Concluding Remarks and Future Perspectives

The development of CHMI models for P. vivax is a vital step towards early-phase vaccine and drug testing, allowing relatively small and inexpensive Phase II efficacy trials to take place before larger field trials. The use of P. vivax CHMI is more complex than the now established P. falciparum models because of inherent differences between the parasites’ biology and, in particular, the inability to maintain P. vivax in long-term culture. Mosquito-bite CHMI currently requires access to infected patients and entomology facilities, and leads to the use of genetically variable isolates in each study. The use of cryopreserved sporozoites in the future may represent a particularly useful advancement, but this approach has yet to reach clinical testing. Other approaches may include the use of P. falciparum parasites transgenic for antigens of interest to allow for easier CHMI assessment of sporozoite or liver-stage vaccine candidates. To date only one clinical study has been reported using a genetically modified P. falciparum parasite, in this case a knockout parasite line [13]. Transgenic parasites have been developed for use in preclinical and in vitro studies against P. vivax, so there is potential for development for clinical use 49, 50.

Blood-stage P. vivax CHMI remains in its infancy, but will likely be more widely used for novel vaccine and drug testing in the coming years. To date, only one vaccine targeting the P. vivax blood-stage merozoite – using the chimpanzee adenovirus serotype 63 (ChAd63) and modified vaccinia virus Ankara (MVA) viral vectors encoding the P. vivax Duffy-binding protein region II (PvDBP_RII) in a heterologous prime-boost regimen [51] – has completed Phase Ia clinical testing in the UK (NCT01816113) and could progress to Phase IIa efficacy testing. A second protein-based PvDBP_RII vaccine formulated in SE-GLA adjuvant has recently entered Phase I clinical trial in India (CTRI/2016/09/007289). The demonstration of a blood-stage CHMI model for vaccine testing, using P. falciparum [36], should allow for similar advances with P. vivax in the future. This model may also allow for studies of naturally acquired P. vivax immunity if trial centres are established in endemic areas, as is starting to occur now for P. falciparum in Africa 14, 15. The development of multiple banks of cryopreserved strains will also allow for vaccine testing against homologous and heterologous strains potentially originating from different geographic areas. CHMI trials can also be used to further investigate the mechanism, immunity, and host–pathogen interactions under controlled infection conditions in humans – the ultimate animal model. These endeavours should help to provide essential new tools to aid in the fight against P. vivax, as efforts continue to move towards local malaria elimination.
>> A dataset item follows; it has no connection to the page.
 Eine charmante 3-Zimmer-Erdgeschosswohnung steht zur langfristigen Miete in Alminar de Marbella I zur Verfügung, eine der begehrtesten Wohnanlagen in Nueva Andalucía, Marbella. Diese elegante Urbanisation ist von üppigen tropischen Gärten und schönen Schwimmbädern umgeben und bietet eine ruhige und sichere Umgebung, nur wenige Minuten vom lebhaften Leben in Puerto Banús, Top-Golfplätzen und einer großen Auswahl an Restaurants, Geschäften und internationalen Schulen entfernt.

Can P. vivax CHMI models be developed to allow for robust testing of blood-stage vaccines and transmission-blocking interventions?
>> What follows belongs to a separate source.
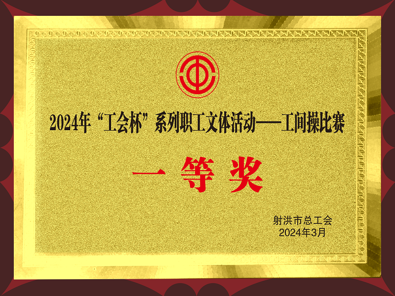 射洪市总工会授予射洪公司2024年度“工会杯”系列职工文体活动—工间操比赛一等奖
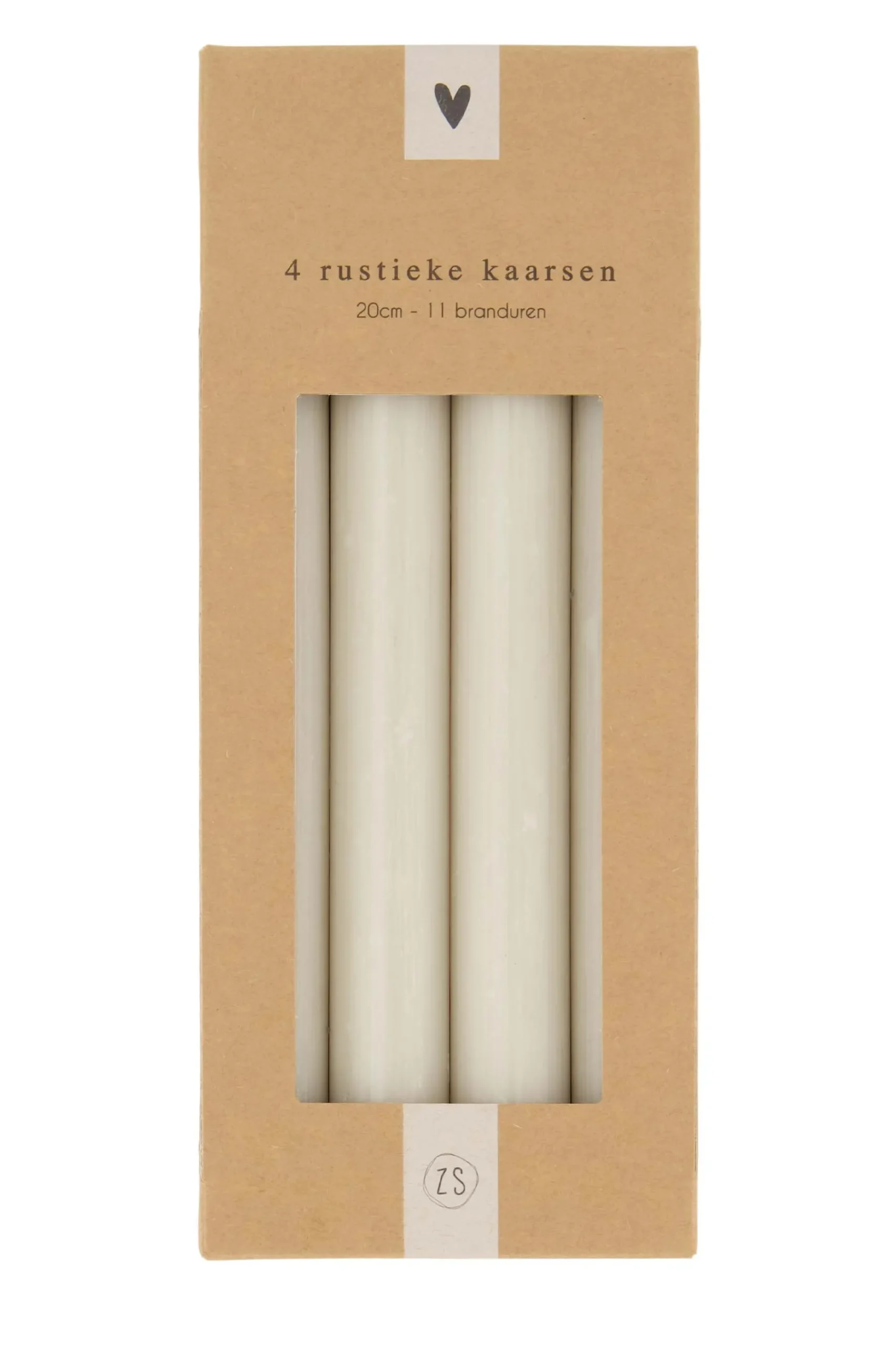 4 rustieke Zusss kaarsen|Kaarsen branden is zo fijn, heerlijk om lekker thuis te zijn! Steek de kaarsjes aan en maak het lekker gezellig thuis! In deze verpakking zitten 4 rustieke Zusss kaarsen. Deze hebben een krijtkleur en zijn 20×2,2 centimeter groot. Ze passen in de Zusss kaarsenhouders. Elke kaars heeft ongeveer 11 branduren. Let op: in de kleine kandelaartjes van Zusss passen deze kaarsen niet. Bestel hiervoor een doosje met 10 smalle kaarsjes.|Zusss: basic, stoer, uniek en een tikkeltje eigenwijs.

Can a bank of different blood-stage P. vivax isolates be established to allow for routine CHMI/IBSM studies using defined, but genetically heterogeneous, parasites?
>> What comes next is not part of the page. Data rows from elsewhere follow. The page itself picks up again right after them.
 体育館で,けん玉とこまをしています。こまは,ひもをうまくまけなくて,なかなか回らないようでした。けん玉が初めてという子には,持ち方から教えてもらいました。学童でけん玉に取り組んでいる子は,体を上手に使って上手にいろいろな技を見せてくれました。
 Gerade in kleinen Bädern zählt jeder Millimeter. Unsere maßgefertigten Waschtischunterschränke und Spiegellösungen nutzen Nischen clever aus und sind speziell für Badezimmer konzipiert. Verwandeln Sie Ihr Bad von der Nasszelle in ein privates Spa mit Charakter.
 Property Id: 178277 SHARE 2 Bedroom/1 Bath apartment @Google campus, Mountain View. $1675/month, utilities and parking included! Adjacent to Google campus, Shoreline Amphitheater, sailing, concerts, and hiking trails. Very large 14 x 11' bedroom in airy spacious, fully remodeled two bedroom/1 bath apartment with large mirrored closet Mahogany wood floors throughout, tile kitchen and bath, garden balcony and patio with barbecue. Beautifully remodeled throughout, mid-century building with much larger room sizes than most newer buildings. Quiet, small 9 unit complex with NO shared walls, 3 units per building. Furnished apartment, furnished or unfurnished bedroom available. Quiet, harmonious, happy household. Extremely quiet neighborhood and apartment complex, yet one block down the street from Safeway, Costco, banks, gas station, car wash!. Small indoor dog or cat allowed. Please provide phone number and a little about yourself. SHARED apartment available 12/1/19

Can cryopreserved P. vivax sporozoites be established to initiate CHMI, potentially using an isolate that minimizes risk of relapsing infection?

What efficacy outcome measures following CHMI would be sufficient, for different types of intervention, to warrant further clinical development and/or testing in the field?

Can P. vivax CHMI in naturally immune or endemic populations provide greater insight into mechanisms of immunity to this parasite?

Can screening for volunteers’ cytochrome P450 isoenzyme (CYP2D6) genotype/phenotype identify those more likely to fail primaquine therapy and prevent relapse following P. vivax sporozoite CHMI?